▸ **THE TASK**: Could you repeat the entries below exactly, but only from the line with "همه ی طلسم های" through the line with "Swearing Surgeon Print", and without any picture?

Items listed in a dataset
☆ ☆ ☆

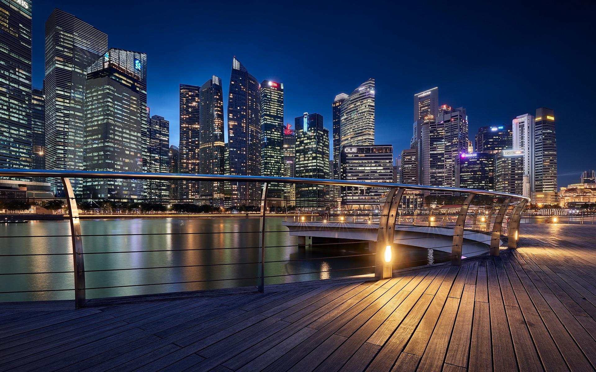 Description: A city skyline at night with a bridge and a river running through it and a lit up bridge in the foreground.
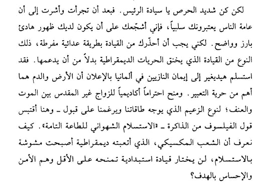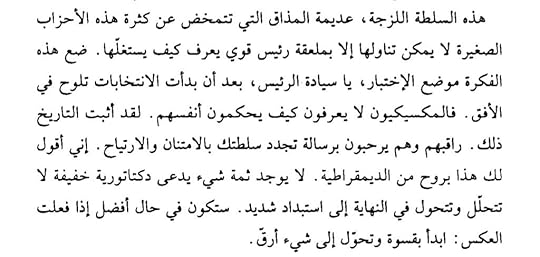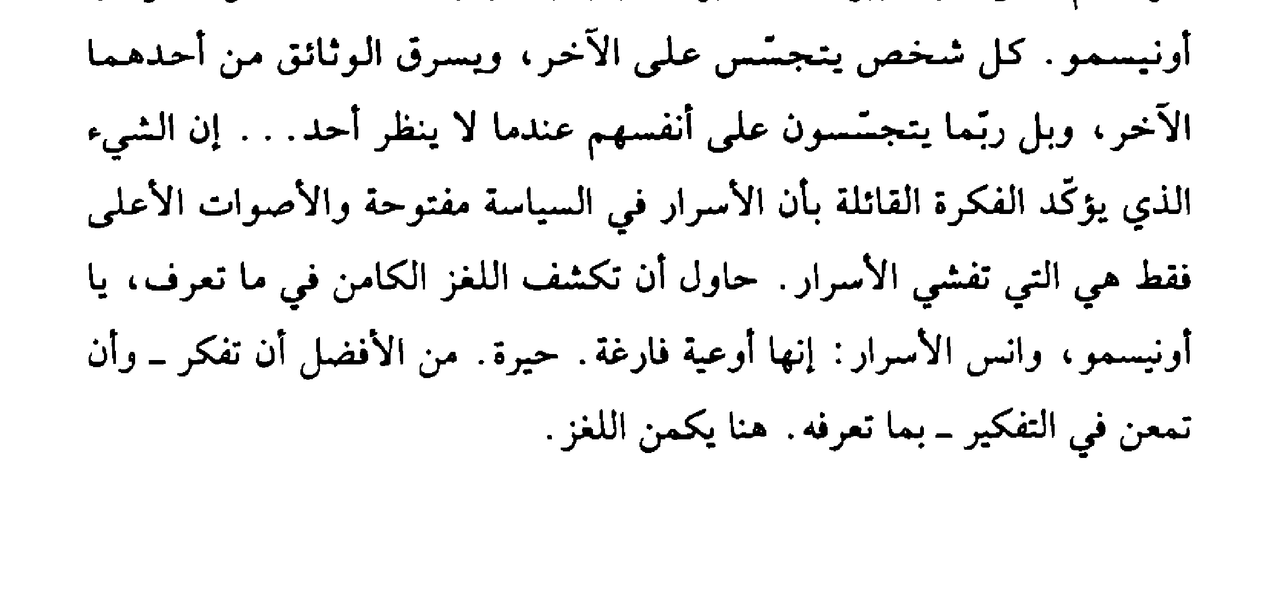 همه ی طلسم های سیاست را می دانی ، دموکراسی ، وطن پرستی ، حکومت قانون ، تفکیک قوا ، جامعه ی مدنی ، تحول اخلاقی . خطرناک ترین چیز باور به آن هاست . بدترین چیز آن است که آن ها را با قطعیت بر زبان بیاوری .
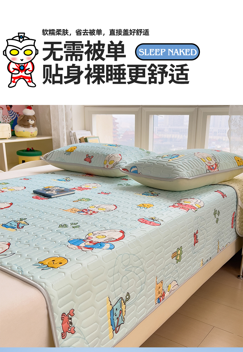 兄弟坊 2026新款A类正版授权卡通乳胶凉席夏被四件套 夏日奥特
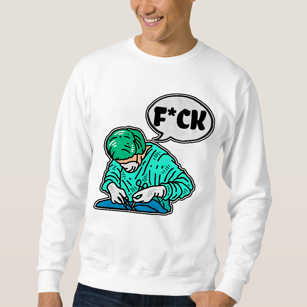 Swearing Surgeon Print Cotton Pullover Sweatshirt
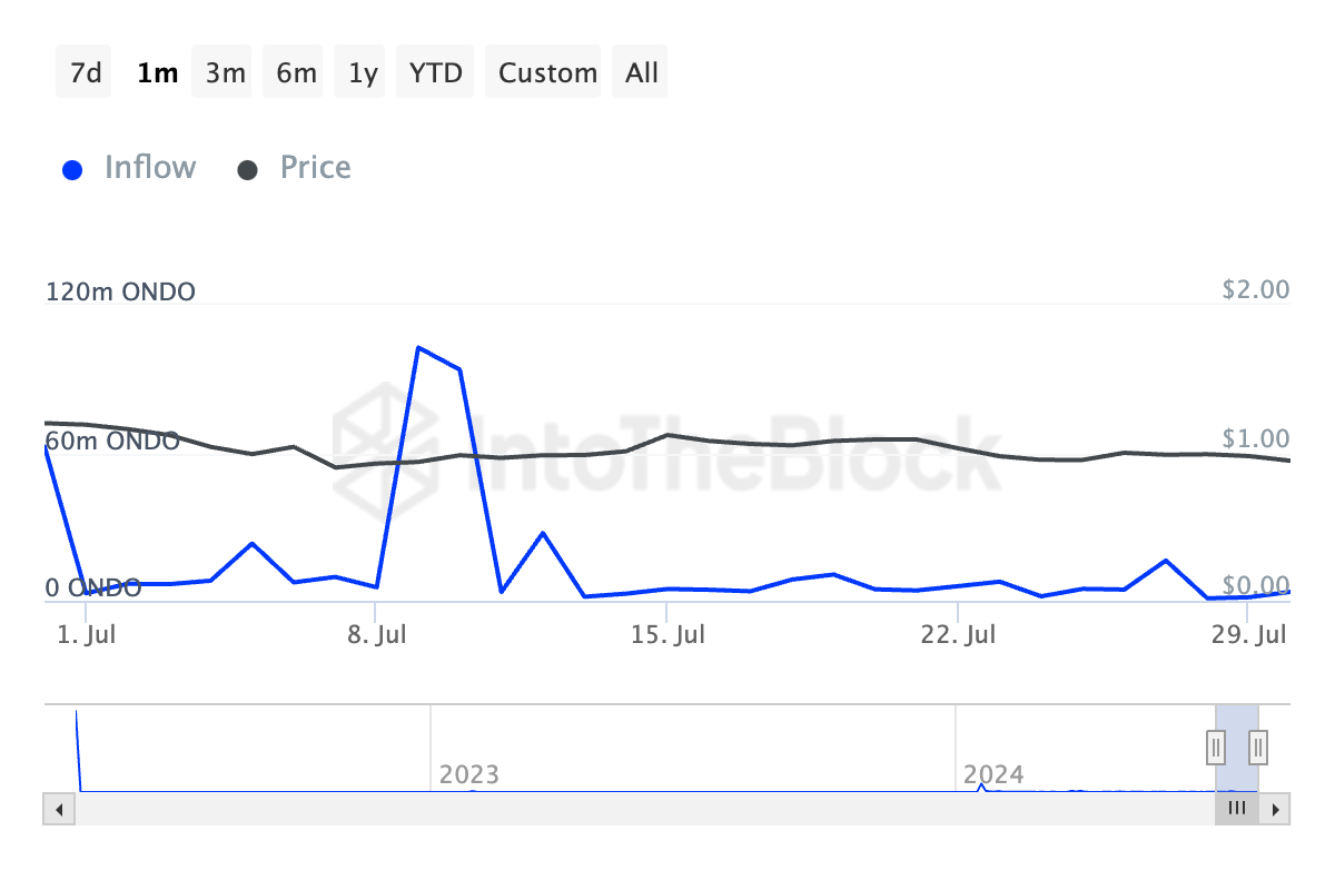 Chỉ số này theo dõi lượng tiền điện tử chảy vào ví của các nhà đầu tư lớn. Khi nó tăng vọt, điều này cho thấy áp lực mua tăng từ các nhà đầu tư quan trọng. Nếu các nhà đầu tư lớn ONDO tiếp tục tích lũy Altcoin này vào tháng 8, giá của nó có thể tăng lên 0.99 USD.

☆ ☆ ☆

▸ **ANSWER SECTION**:
 همه ی طلسم های سیاست را می دانی ، دموکراسی ، وطن پرستی ، حکومت قانون ، تفکیک قوا ، جامعه ی مدنی ، تحول اخلاقی . خطرناک ترین چیز باور به آن هاست . بدترین چیز آن است که آن ها را با قطعیت بر زبان بیاوری .
 兄弟坊 2026新款A类正版授权卡通乳胶凉席夏被四件套 夏日奥特
 Swearing Surgeon Print Cotton Pullover Sweatshirt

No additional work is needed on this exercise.